TASK REQUIREMENTS: Nothing outside the lines below from the one containing "Shuangya волосы индийские" through the one containing "Bianco, pelle di" is to be printed; print those exactly, ends included, and drop the pictures.

━━━━━ GIVEN RECORDS

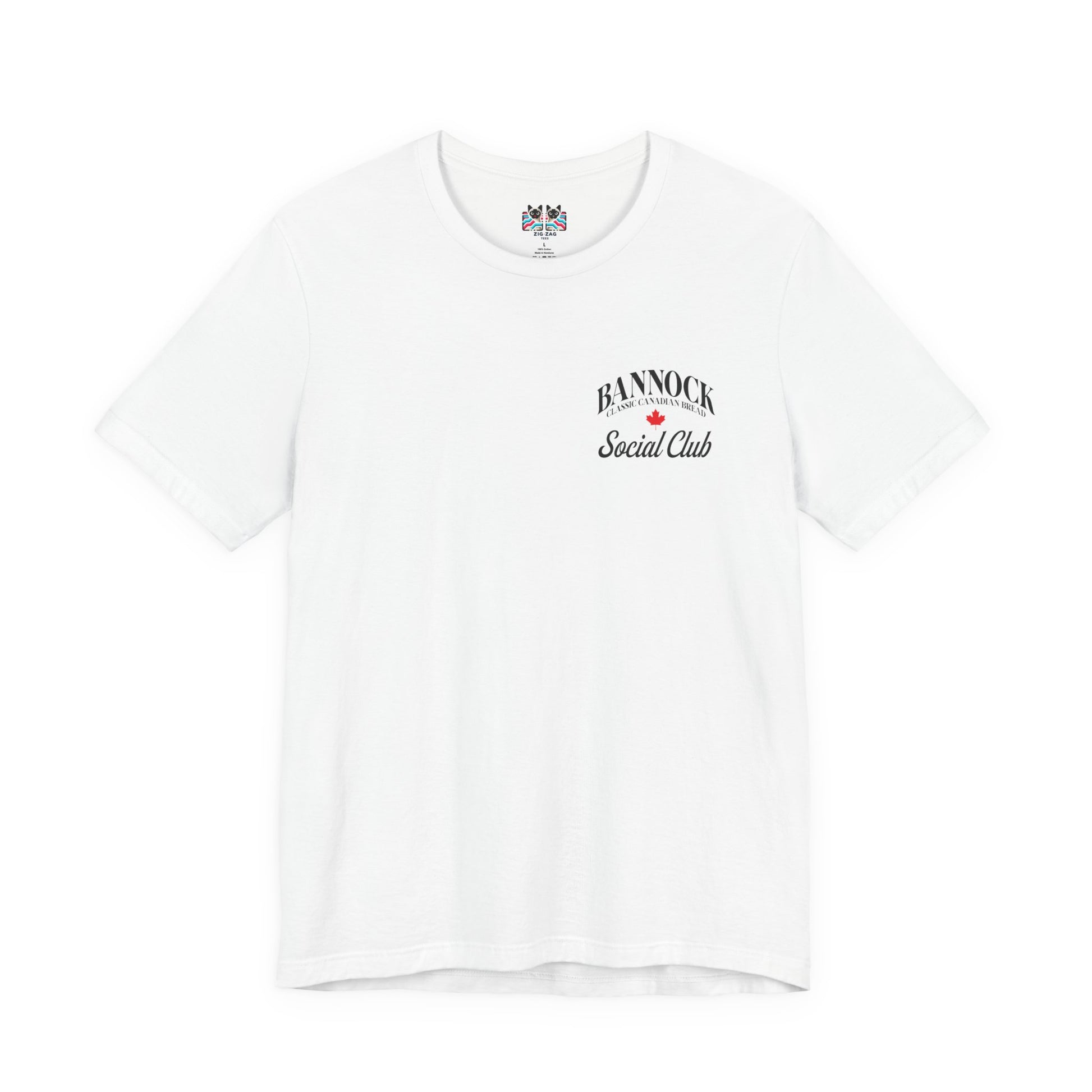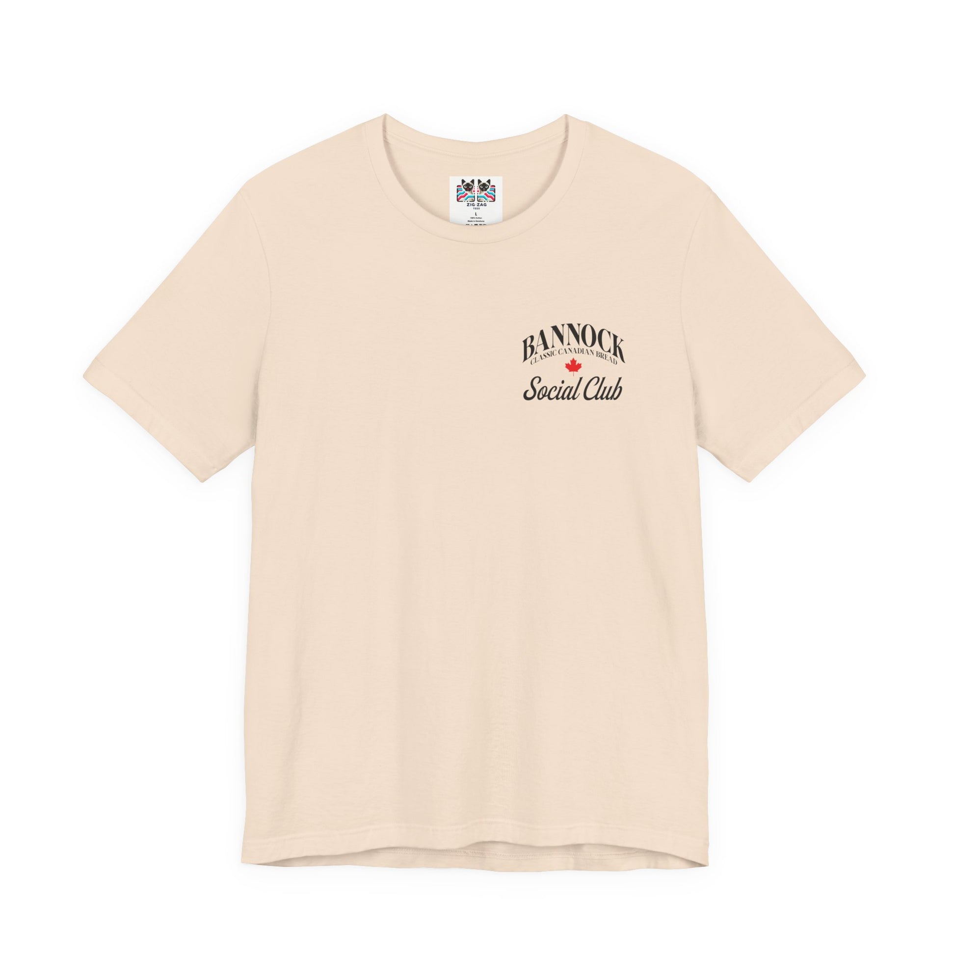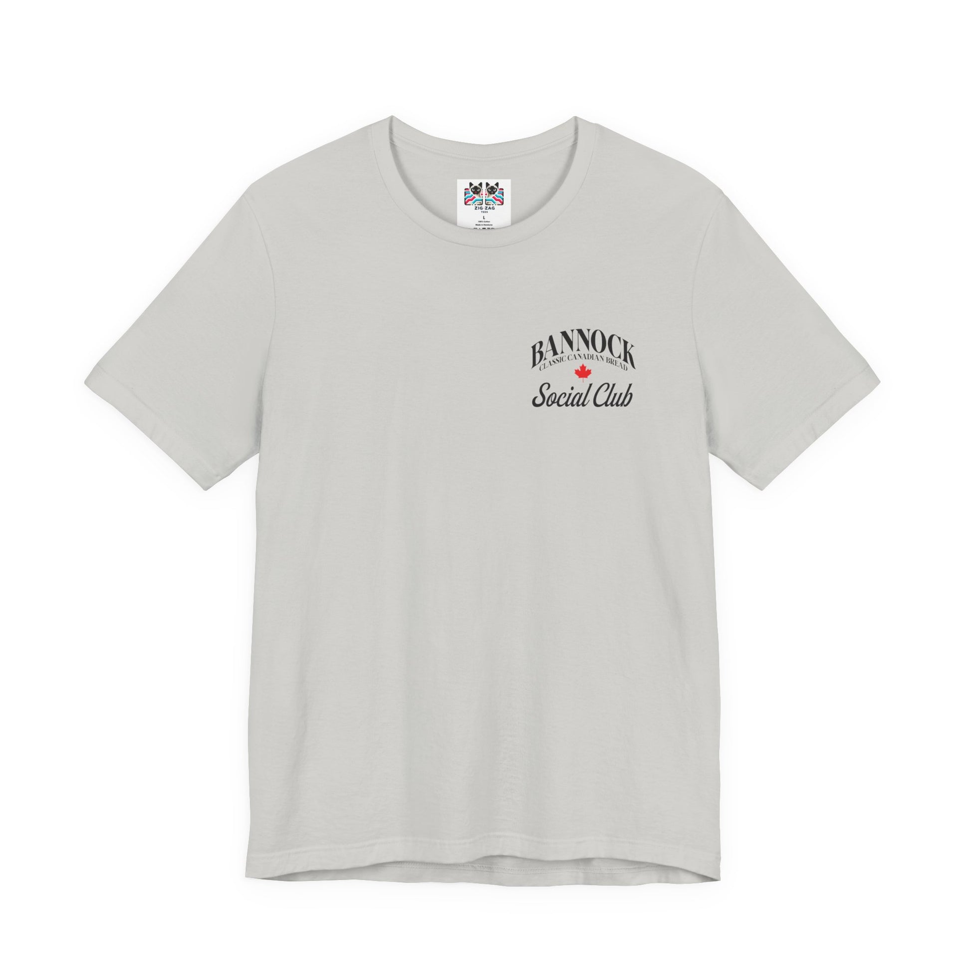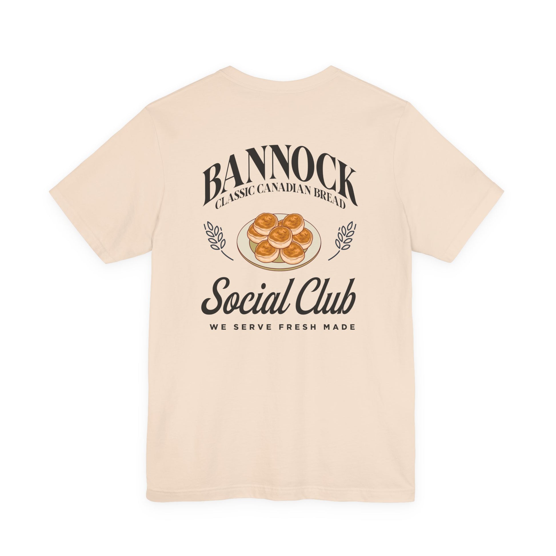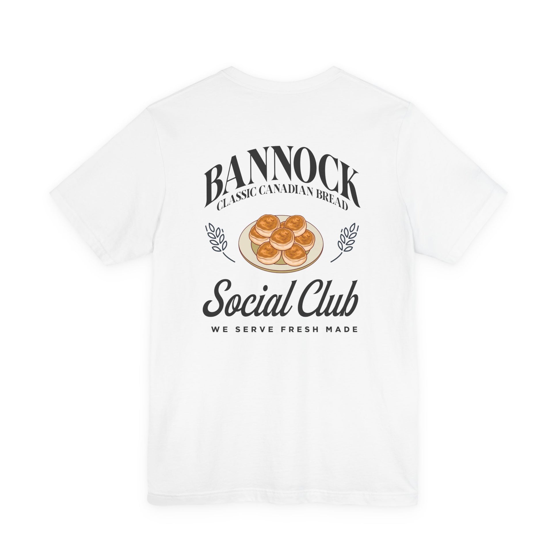 Show your love for a true Canadian staple with this unique tshirt featuring a graphic of Bannock, the classic Canadian bread served fresh on a plate. The design highlights this simple yet soulful bread made from basic ingredients like flour, baking powder, and oil. On top, bold text declares "Bannock Classic Canadian Bread," while "Social Club" is featured prominently at the bottom. Ideal for fans of Canadian heritage foods, indigenous cuisine, and traditional baking.
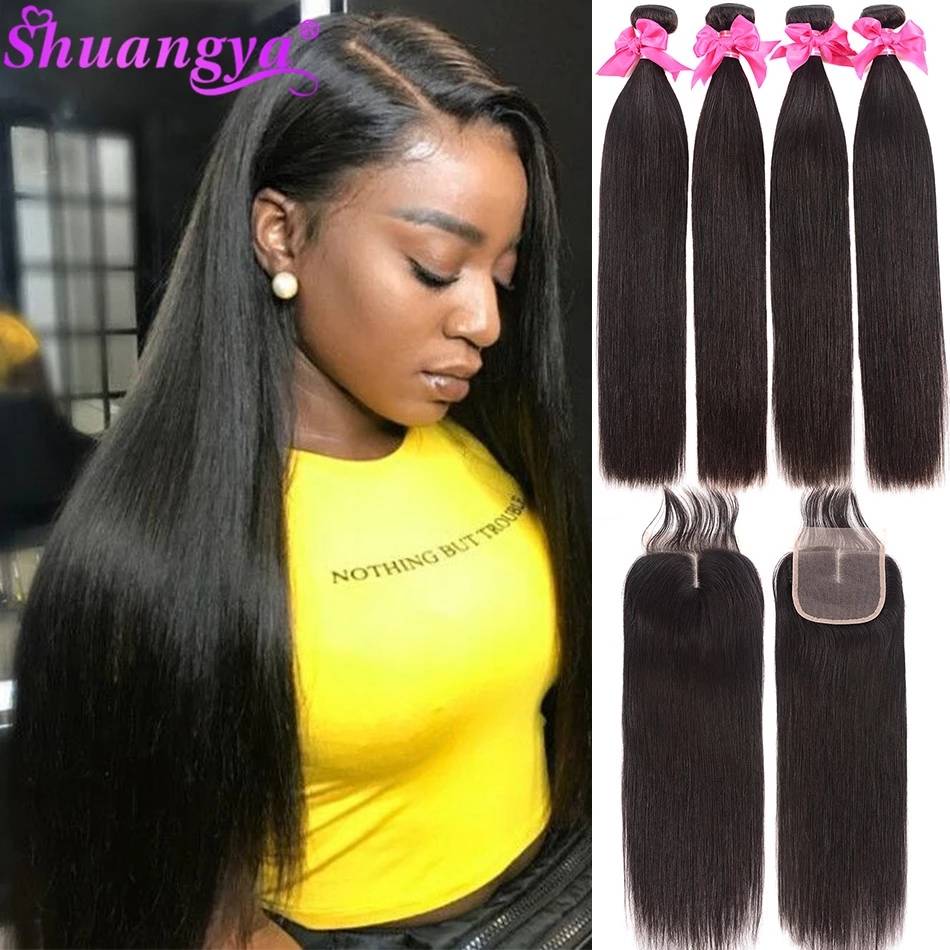Shuangya волосы индийские прямые пучки с фронтальной 100% Remy человеческие волосы пучки с закрытием высокое качество пучки с закрытием
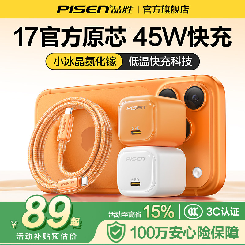 【45W冰晶】适用苹果17充电器氮化镓头iPhone16promax充电器线15充电头新款40W手机数据线Air快充头套装14插
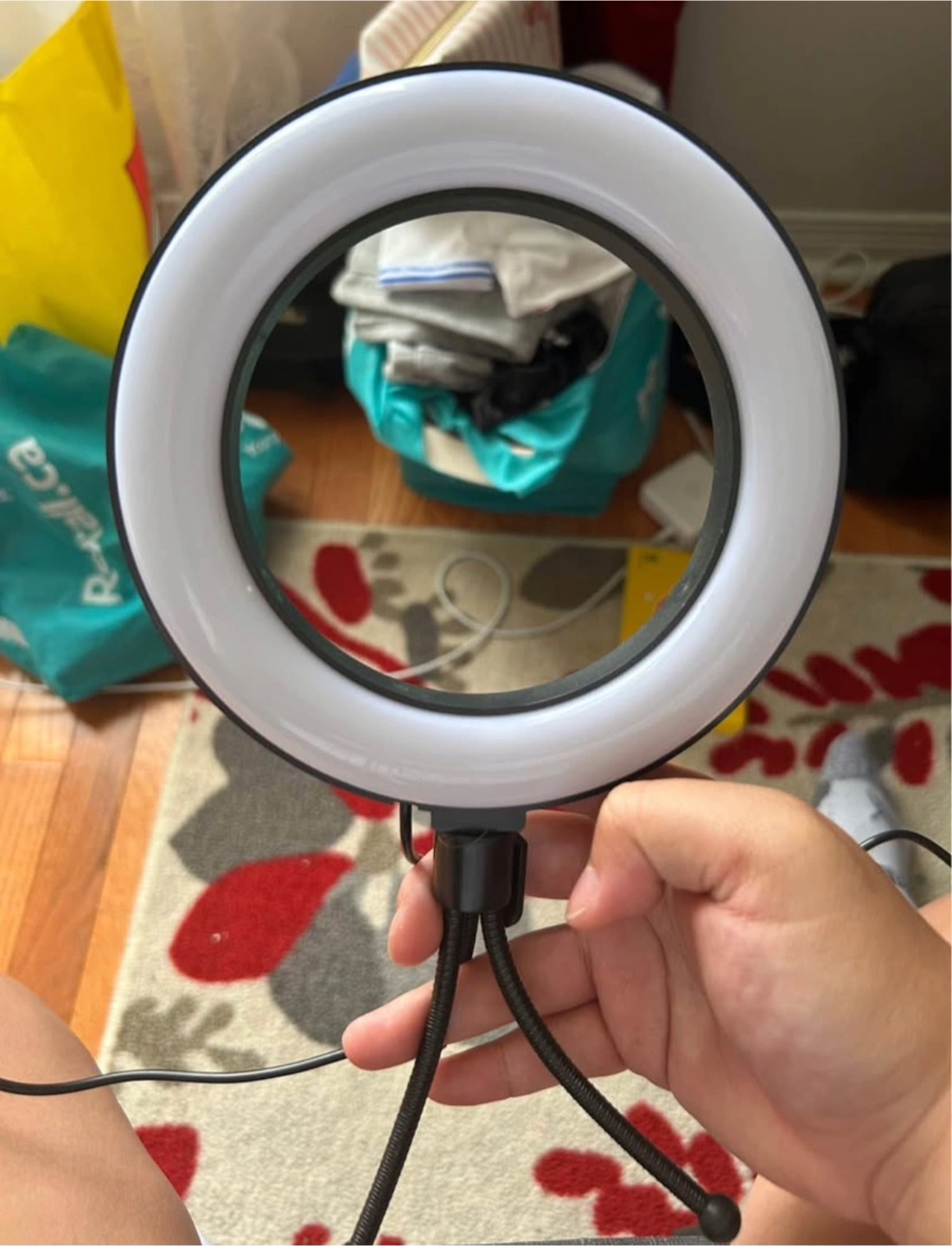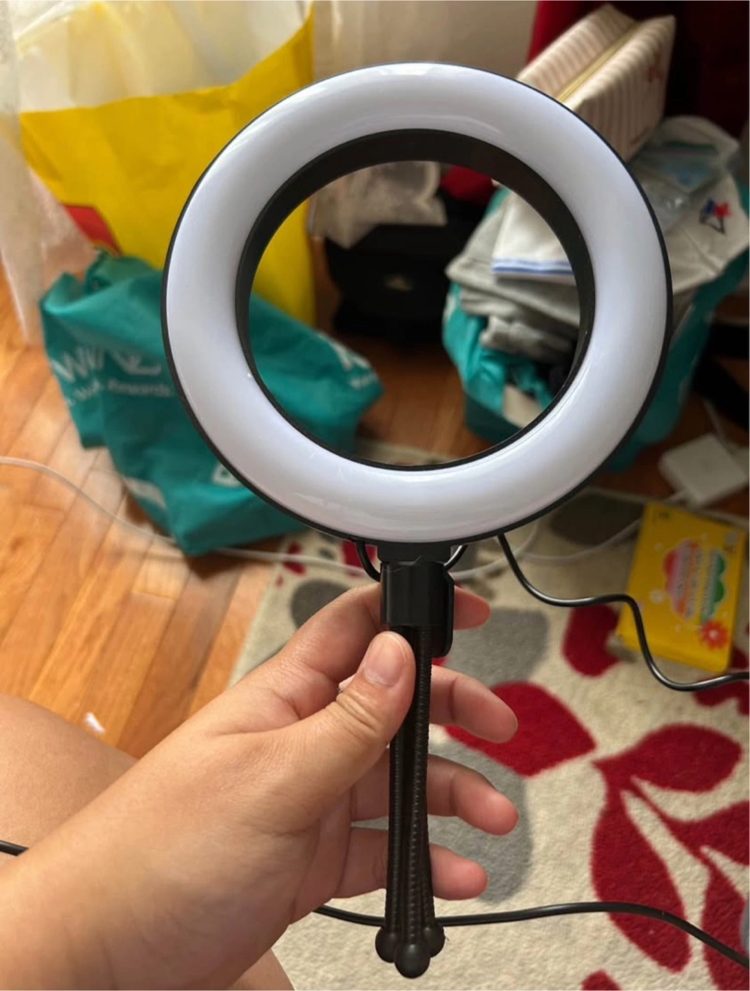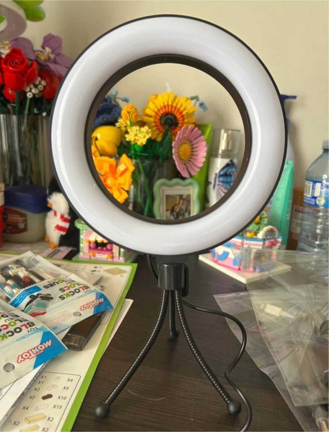 Selling an LED ring light that comes with a tripod stand! It's perfect for getting that extra light for photos or videos. The tripod is adjustable so you can get the perfect angle. The LED ring light has 3 different modes and comes with a controller on the cable to change the modes, to turn off and on, as well as a mode to change the brightness
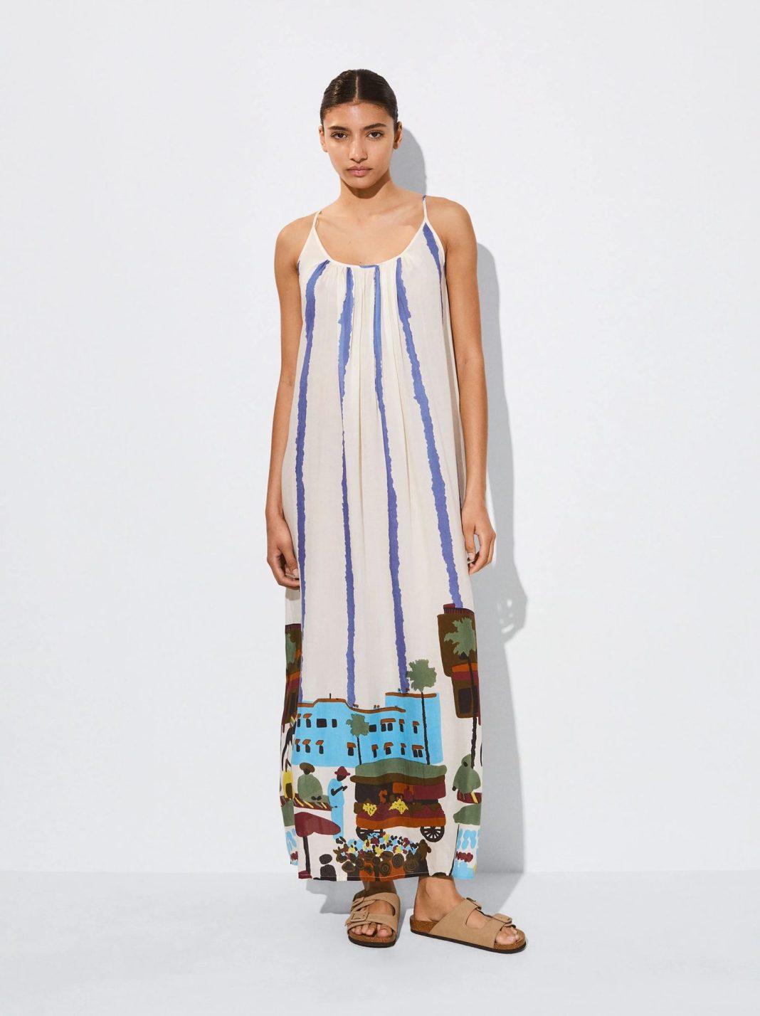 Con un estampado de lo más original en su parte inferior, este vestido largo nos ha parecido muy alegre y divertido. Con tirantes finos y líneas verticales de color azul que nacen en el escote, es muy favorecedor si quieres que tu silueta se vea más estilizada. Su largura hace que sea además un diseño muy cómodo y apto para cualquier evento, siendo ideal para las jornadas más relajadas. Precio: 27,99€.
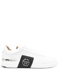 Bianco, pelle di vitello, linguetta con logo stampato, dettaglio traforato, chiusura frontale con lacci, punta tonda e suola piatta in gomma.
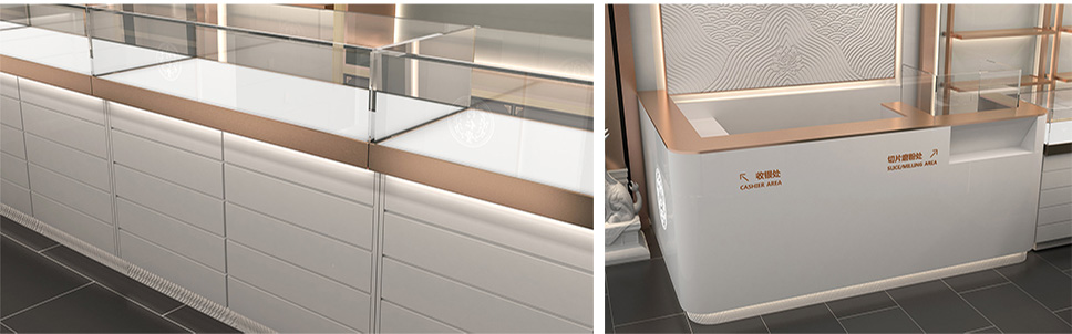 采用深灰、白和玫瑰金色搭配,使整體店面既有富麗堂皇之氣場,也有清新脫俗之雅韻。一方面與同仁堂傳統店面形象區分開來,另一方面在傳承同仁堂文化的同時也對同仁堂形象進行了升華,使其店面更具視覺特點和識別性;更加現代時尚,符合未來人群的審美情趣。
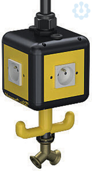 Gehäuse mit 1 m Rohr 1/2? mit Anschluss für Druckluftschlauch 13 x 3,5 mm und 2-Wege-Verteiler 1/2?. Gehäuse mit Aufhängeöse und Griffhaken und mit 4 Abdeckplatten. Bestückt wie folgt: 2 x Klemmen 3-polig, 4 x 1fach Steckdosen mit Erdungsstift 16 A/250 V mit erhöhtem Berührungsschutz, auf zwei Wechselstromkreise vorverdrahtet.
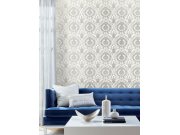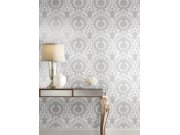 Šedobílá předklížená zámecká tapeta na zeď DM5036, Damask, York

━━━━━━━━━━

SOLUTION FOR THIS EXERCISE:
Shuangya волосы индийские прямые пучки с фронтальной 100% Remy человеческие волосы пучки с закрытием высокое качество пучки с закрытием
 【45W冰晶】适用苹果17充电器氮化镓头iPhone16promax充电器线15充电头新款40W手机数据线Air快充头套装14插
 Selling an LED ring light that comes with a tripod stand! It's perfect for getting that extra light for photos or videos. The tripod is adjustable so you can get the perfect angle. The LED ring light has 3 different modes and comes with a controller on the cable to change the modes, to turn off and on, as well as a mode to change the brightness
 Con un estampado de lo más original en su parte inferior, este vestido largo nos ha parecido muy alegre y divertido. Con tirantes finos y líneas verticales de color azul que nacen en el escote, es muy favorecedor si quieres que tu silueta se vea más estilizada. Su largura hace que sea además un diseño muy cómodo y apto para cualquier evento, siendo ideal para las jornadas más relajadas. Precio: 27,99€.
 Bianco, pelle di vitello, linguetta con logo stampato, dettaglio traforato, chiusura frontale con lacci, punta tonda e suola piatta in gomma.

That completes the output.